Better surveillance through math

Tuesday, April 13, 2010 @ 05:04 PM gHale


By using sophisticated algebraic theories called groups, rings and fields, the Air Force could soon achieve advances in object and target detection technology.

Better detection methods will allow for effective reviewing of photographic, video and radar images to facilitate military planning and order of battle.

“This technology is the result of several remarkable insights by two innovative mathematicians, Dr. Myoung An and Dr. Richard Tolimieri,” said lead researcher, Dr. Richard A. Albanese of Air Force Research Laboratory, which oversees the Air Force Office of Scientific Research (AFOSR), which funded the project.

A related technology created by An and Tolimieri for the U.S. Navy was successful in detecting shallow water mines by means of sonar, which is like radar but with sound waves instead of electromagnetic waves, but the Air Force is adapting the methodology to examine images for surveillance purposes.

In the past, careful human review of a large amount of surveillance material required a huge investment of time. This new technology cuts the time overhead by 99%, officials said.

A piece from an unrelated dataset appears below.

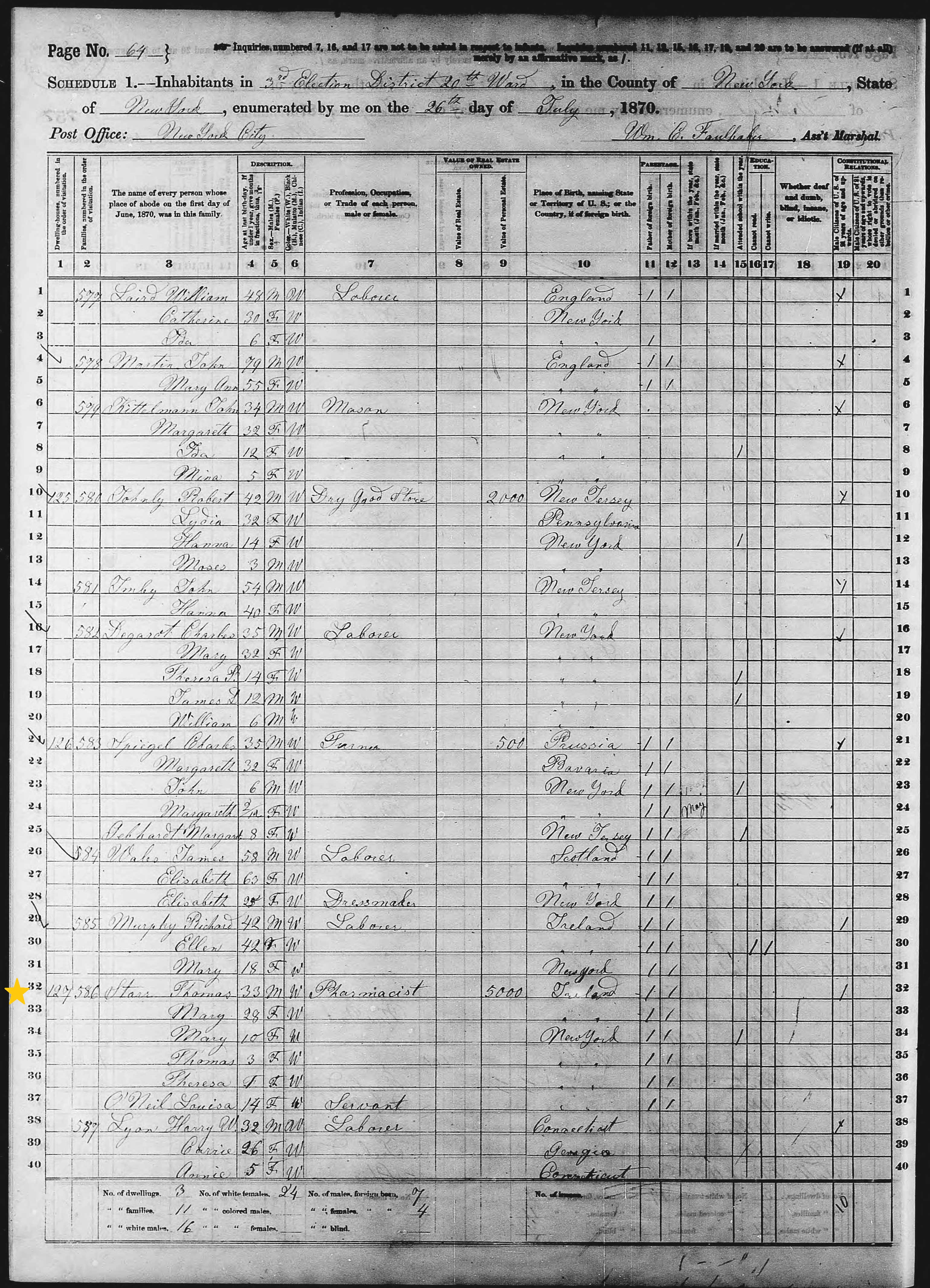 Thomas Starr; 1870 Census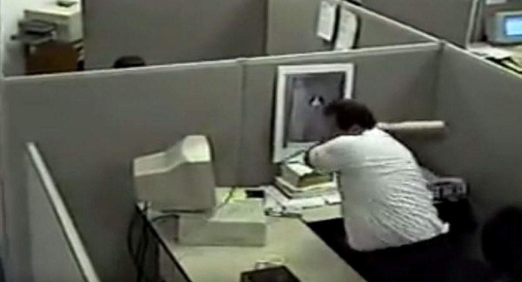 Qualcosa, però, sembra non funzionare e allora l’uomo colpisce con forza la tastiera, e poi decide di impugnarla e scagliarla contro il monitor. Nel frattempo, il vicino si affaccia dalla parete per verificare cosa stia accadendo, preoccupato per la sua incolumità.

However, even with the vast improvements the new technology brings, the human factor is still essential in several aspects such as the validation and verification of transmitter and receiver configurations.

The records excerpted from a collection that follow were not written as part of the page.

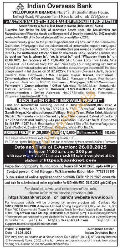 Land and Residential Building located in Door No.888/D8B,888/D8B-1 & 888/D88-2, Plot No.7, R.S.No. 77/7,77/8 & 77/6, TS No.8/4C, SMR Street, Gandhi Nagar, Karuthapulianpatti Village, Melur Town, Melur Taluk, Madurai District, Tamilnadu which is Owned by Mrs T Manonmani. Extent of the Land is 1732.50 Sq ft and Building:-As per execution: GF-1042 Sq.ft, Porch 258 Sq.ft & FF-1257 Sq.ft Boundaries: North-Vacant Site of Muthammal Vagayara. East-Plot No.6, South-20 Ft Breath Pathway, West-Plot No. 7A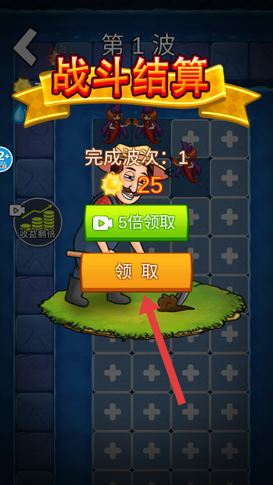 2、成功抵御第1波敌人后,在【战斗结算】界面,点击【领取】按钮,获取阳光等奖励资源。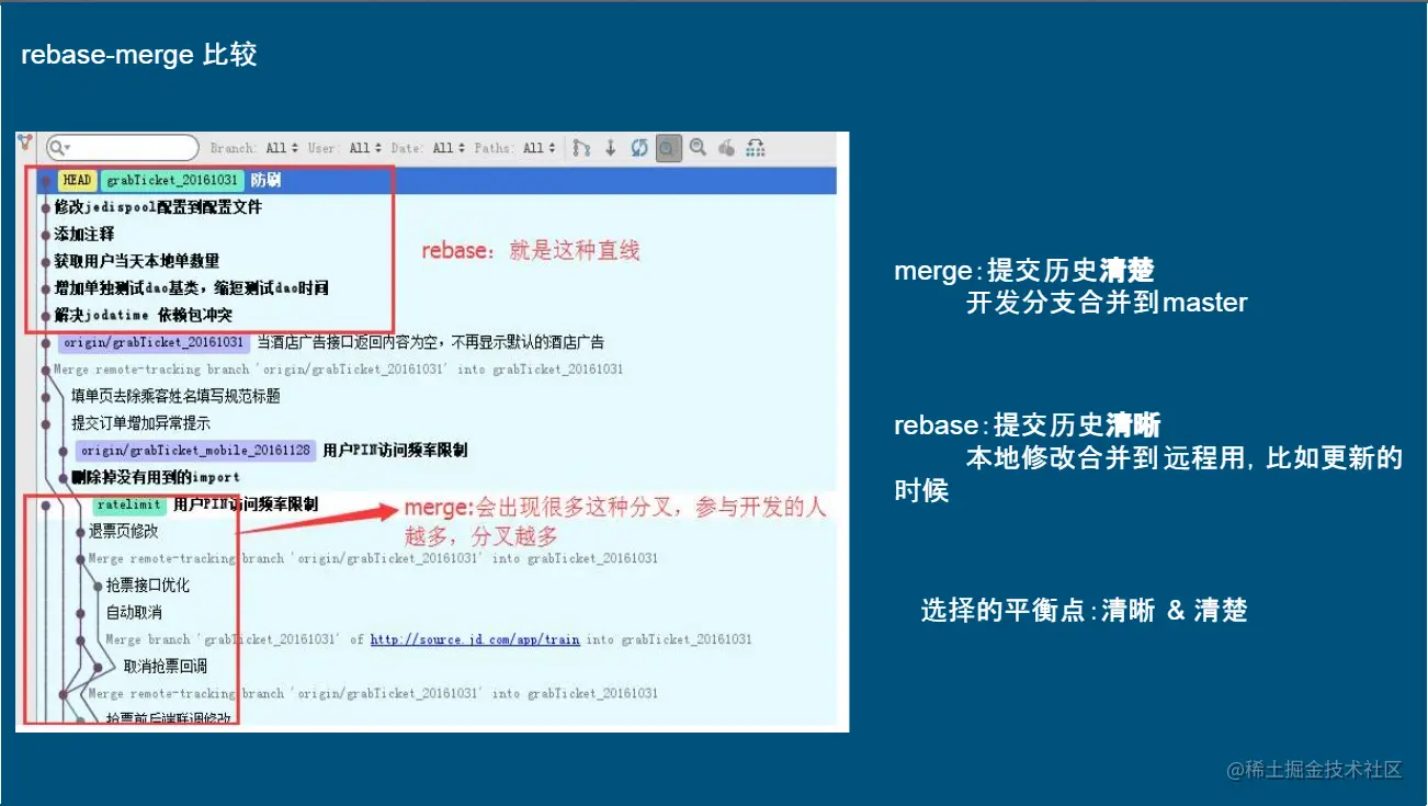 首先对比merge和rebase合并代码的区别,merge合并的代码会出现分叉,开发的人越多,分叉越多,容易使master分支看起来不直观,不便于维护,而使用rebase进行合并代码master则会呈现出一条直线,非常直观。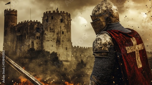 Knight in armor stands guard before a medieval castle under a smoky sky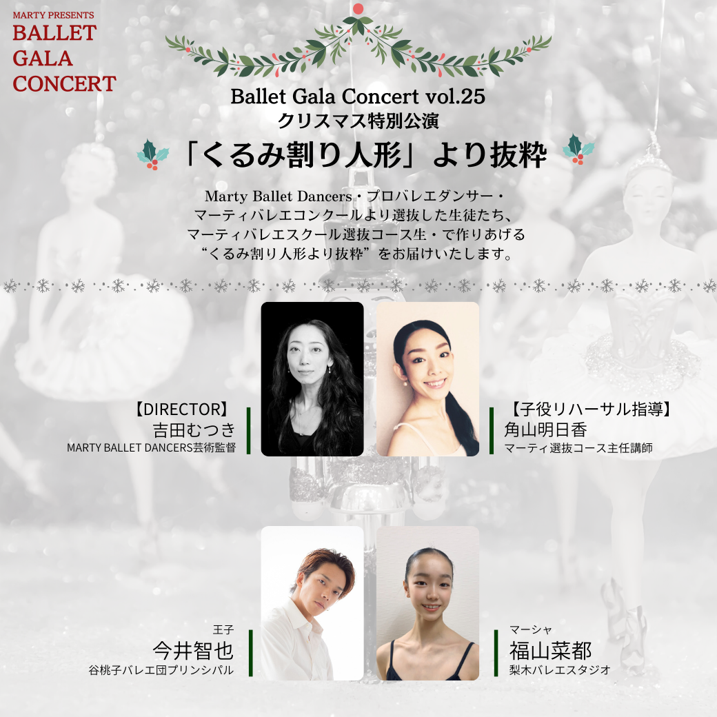クリスマスのご予定はお決まりですか?この度、12月23日(土)に開催のBallet Gala Concert vol.25 in 埼玉にて、『くるみ割り人形』より抜粋の上演が決定しました。クリスマスでお馴染みのこの作品を上演し、みなさまのクリスマス気分をより盛り上げます。ぜひ本物の『くるみ割り人形』を楽しんでください。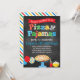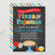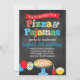 Our original, best-selling, Pizza & Pyjamas Chalkboard style birthday party invitation is the perfect invite for any pizza and pajama theme party. Our design features a chalkboard background, a mix of fun pattern letters such as polka dots, stripes and chevron, a pizza on a stand, party drink, and bowl of popcorn.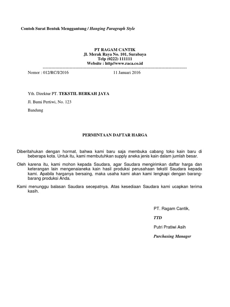 Setiap alinea pada surat bentuk menggantung ditulis secara menggantung. Dengan berbagai contoh surat yang telah banyak akan membantu kamu untuk mengetahui contoh surat resmi yang baik dan benar. Bentuk surat menggantung memang sedikit berbeda dan terbilang jarang digunakan dalam kegiatan. Surat memiliki banyak jenisnya salah satunya adalah contoh surat full block style. Jl.gamprit jati waringin pondok gede. Contoh bentuk surat menggantung hanging paragraph style. Salah satunya adalah surat bentuk menggantung. Penulisannya menggunakan kalimat baku dengan memperhatikan kaidah eyd. Contoh surat bentuk menggantung hanging paragraph style. Setelah kita membahas terkait contoh surat penawaran yang merupakan bagian dari surat resmi. Doc bullet bentuk surat resmi official style irma sari. Pada bentuk surat menggantung atau hanging paragraph style se tiap alinea nya memang berbentuk menggantung artinya hanya awal alinea yang dimulai dari margin kiri sedangkan baris. Surat resmi merupakan suatu surat yang diterbitkan oleh perseorangan, organisasi, ataupun instansi tertentu, yang bersifat formal serta berkepentingan resmi.

“One challenge of the research is the matching of the algebraic structure to the data and problems at hand,” Albanese said. “We are applying algebraic structures to data index sets and in this way finding patterns that were not easily detectable before.”

Through bringing in even more advanced algebraic structures, the researchers believe they will come up with enhancements that detect subtle patterns or features under conditions of dust, fog, bushes and other visual obstructions.